-- Data provided --
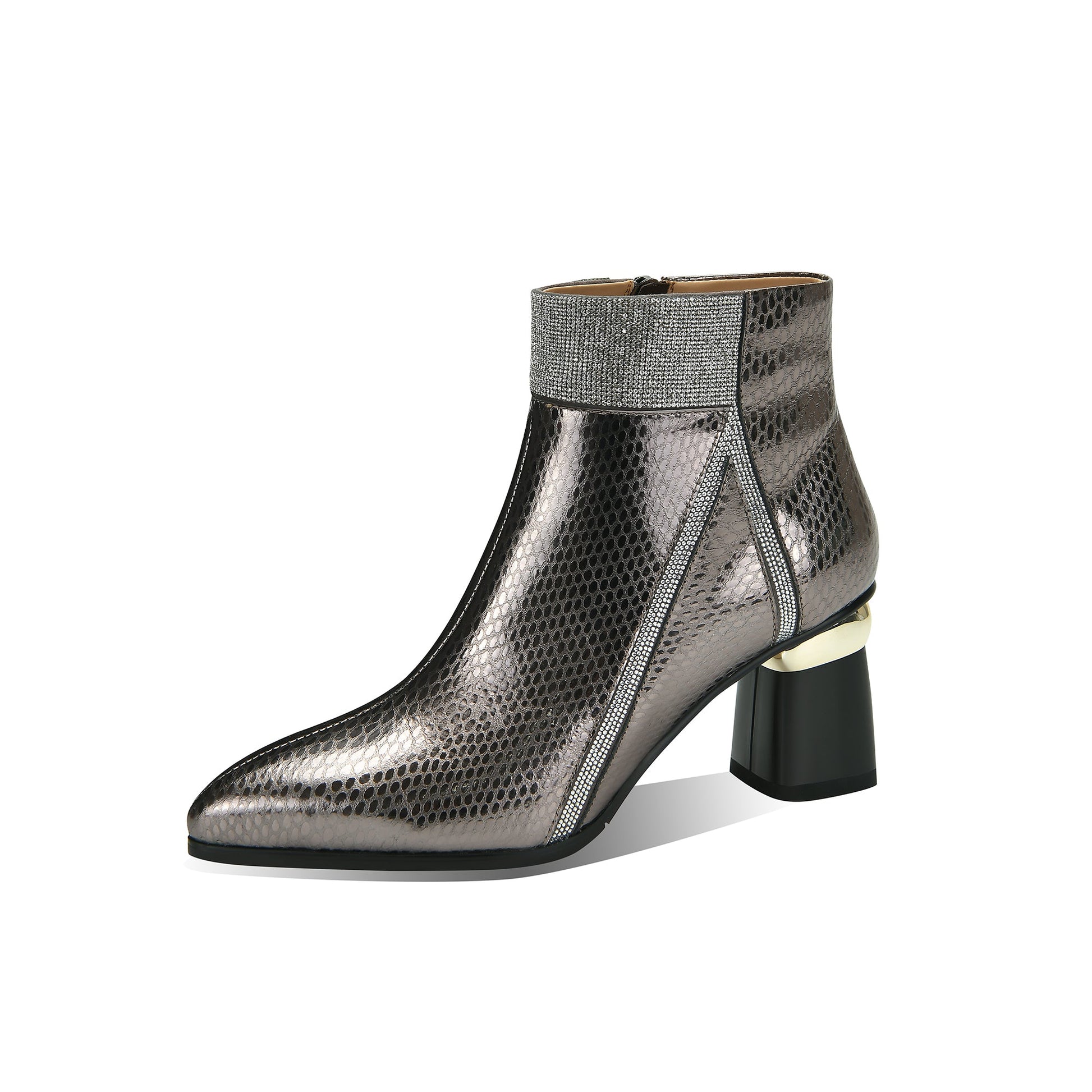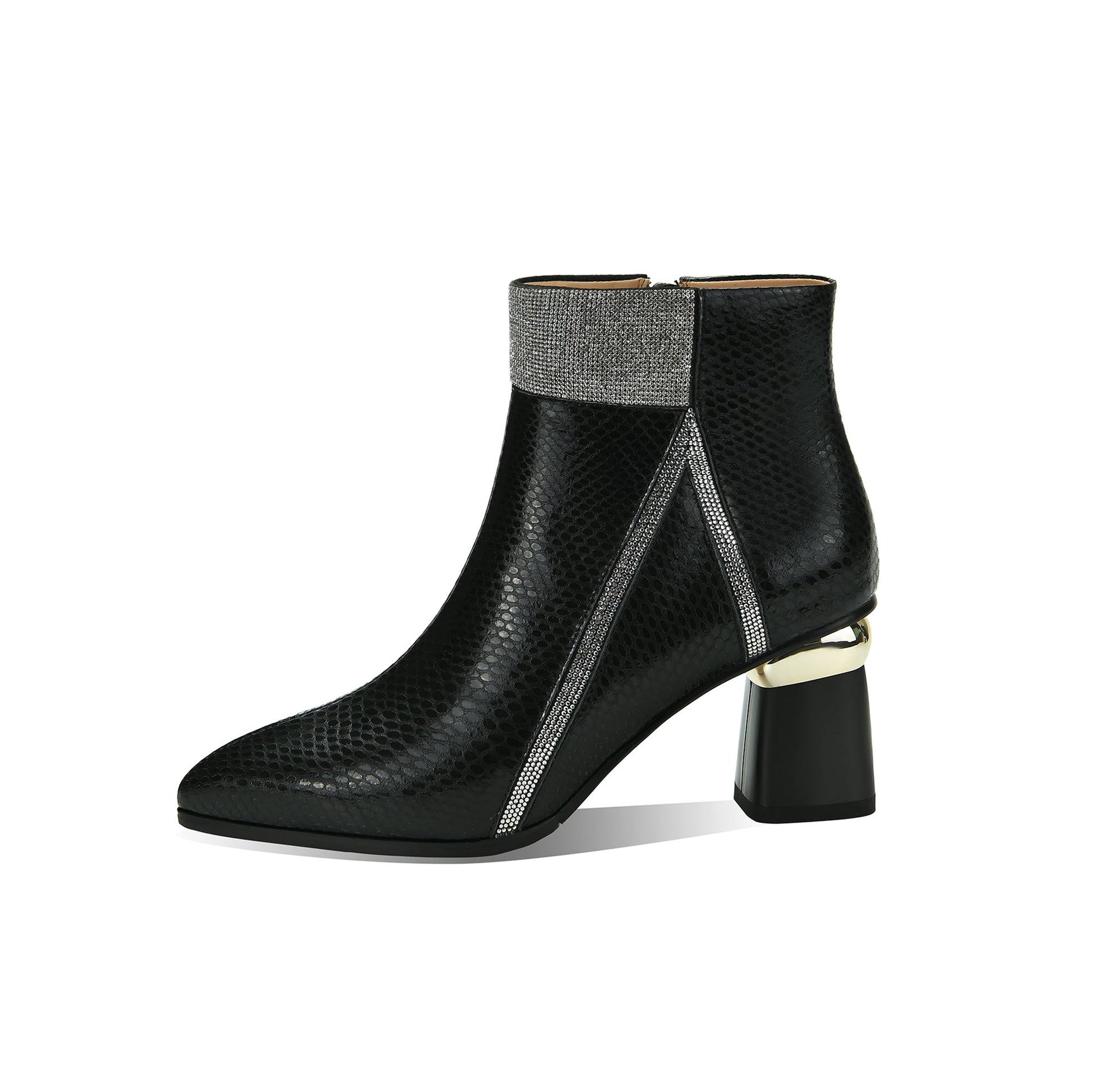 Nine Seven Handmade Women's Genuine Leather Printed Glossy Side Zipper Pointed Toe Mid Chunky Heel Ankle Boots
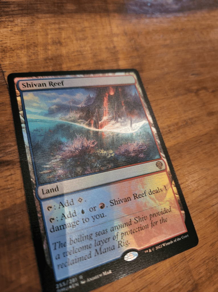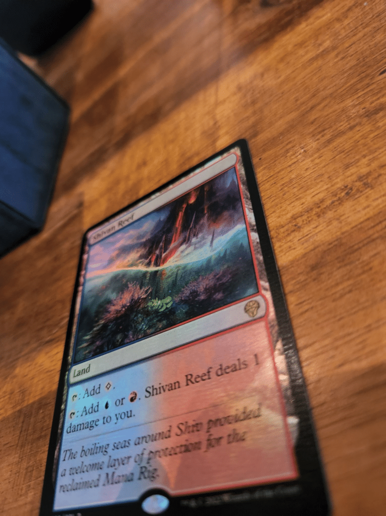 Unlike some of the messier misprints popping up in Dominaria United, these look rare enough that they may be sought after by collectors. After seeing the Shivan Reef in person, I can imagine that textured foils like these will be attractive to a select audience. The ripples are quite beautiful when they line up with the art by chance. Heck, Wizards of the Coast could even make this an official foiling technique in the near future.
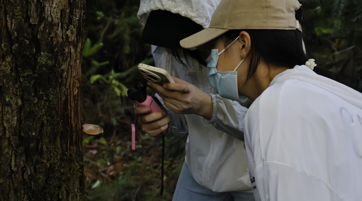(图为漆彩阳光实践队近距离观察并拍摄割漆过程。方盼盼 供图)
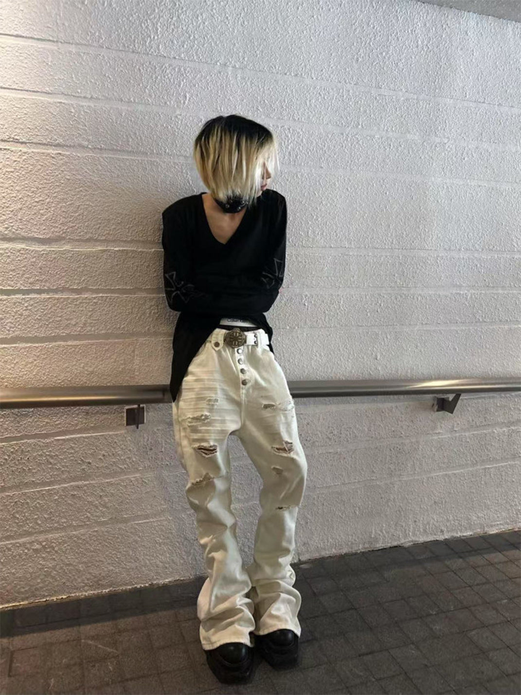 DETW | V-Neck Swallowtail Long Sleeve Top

* * *

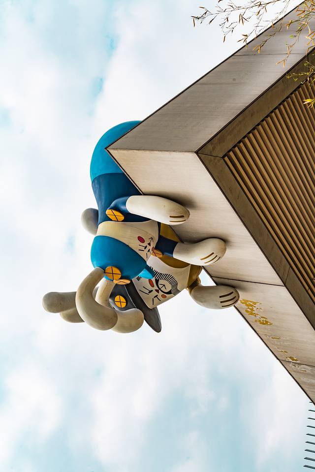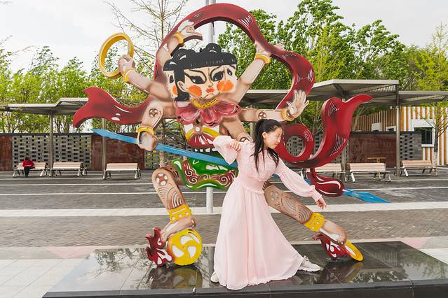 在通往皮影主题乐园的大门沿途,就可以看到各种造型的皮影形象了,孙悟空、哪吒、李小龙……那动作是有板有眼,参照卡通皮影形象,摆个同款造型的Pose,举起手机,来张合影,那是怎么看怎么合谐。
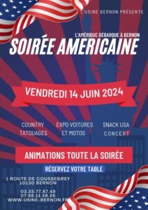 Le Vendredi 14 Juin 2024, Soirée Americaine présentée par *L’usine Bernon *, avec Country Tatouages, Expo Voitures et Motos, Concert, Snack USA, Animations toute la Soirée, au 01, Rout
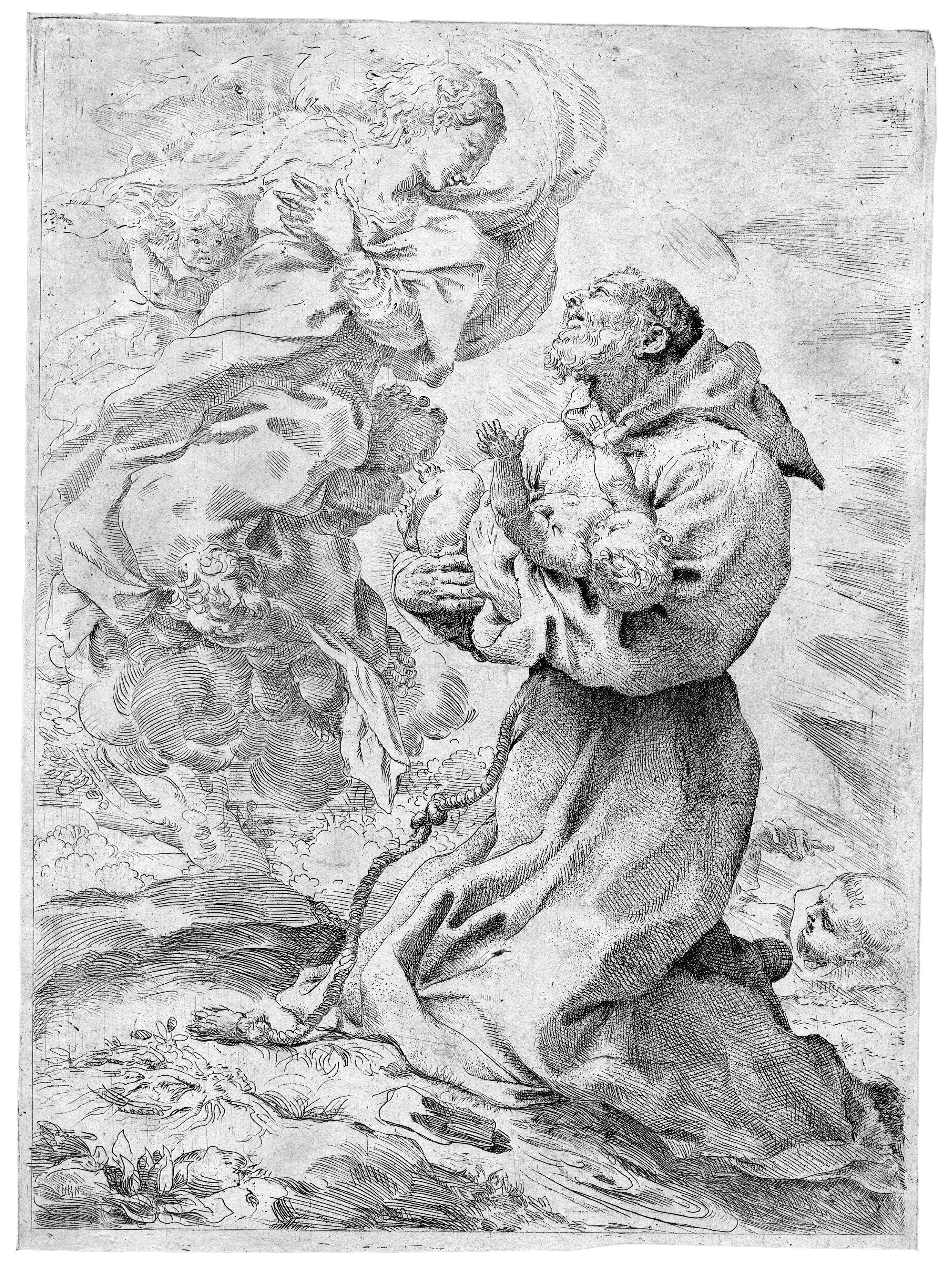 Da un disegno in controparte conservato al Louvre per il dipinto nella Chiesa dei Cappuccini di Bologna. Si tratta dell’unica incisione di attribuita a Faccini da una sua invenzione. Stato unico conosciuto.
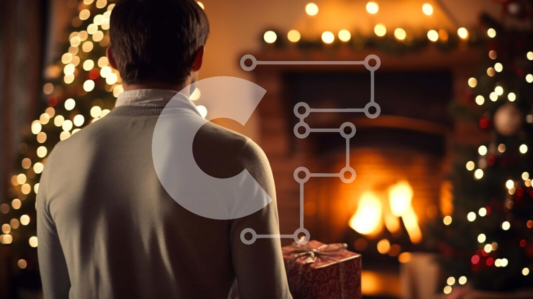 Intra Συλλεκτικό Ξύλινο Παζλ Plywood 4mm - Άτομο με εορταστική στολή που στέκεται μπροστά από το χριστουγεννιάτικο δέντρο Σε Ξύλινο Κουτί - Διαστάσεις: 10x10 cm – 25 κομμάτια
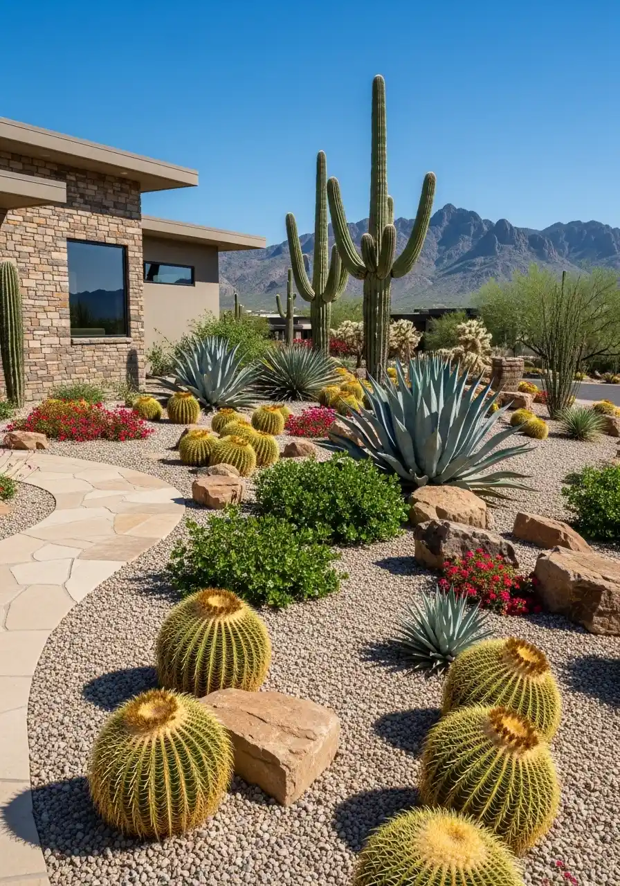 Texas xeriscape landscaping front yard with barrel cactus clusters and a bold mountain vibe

-- What is required --
In the listing above, find the line with "(图为漆彩阳光实践队近距离观察并拍摄割漆过程。方盼盼 供图)" and the line with "DETW | V-Neck Swallowtail Long Sleeve Top". Set down both and every line between them, minus the pictures.

-- Finished exercise --
(图为漆彩阳光实践队近距离观察并拍摄割漆过程。方盼盼 供图)
 DETW | V-Neck Swallowtail Long Sleeve Top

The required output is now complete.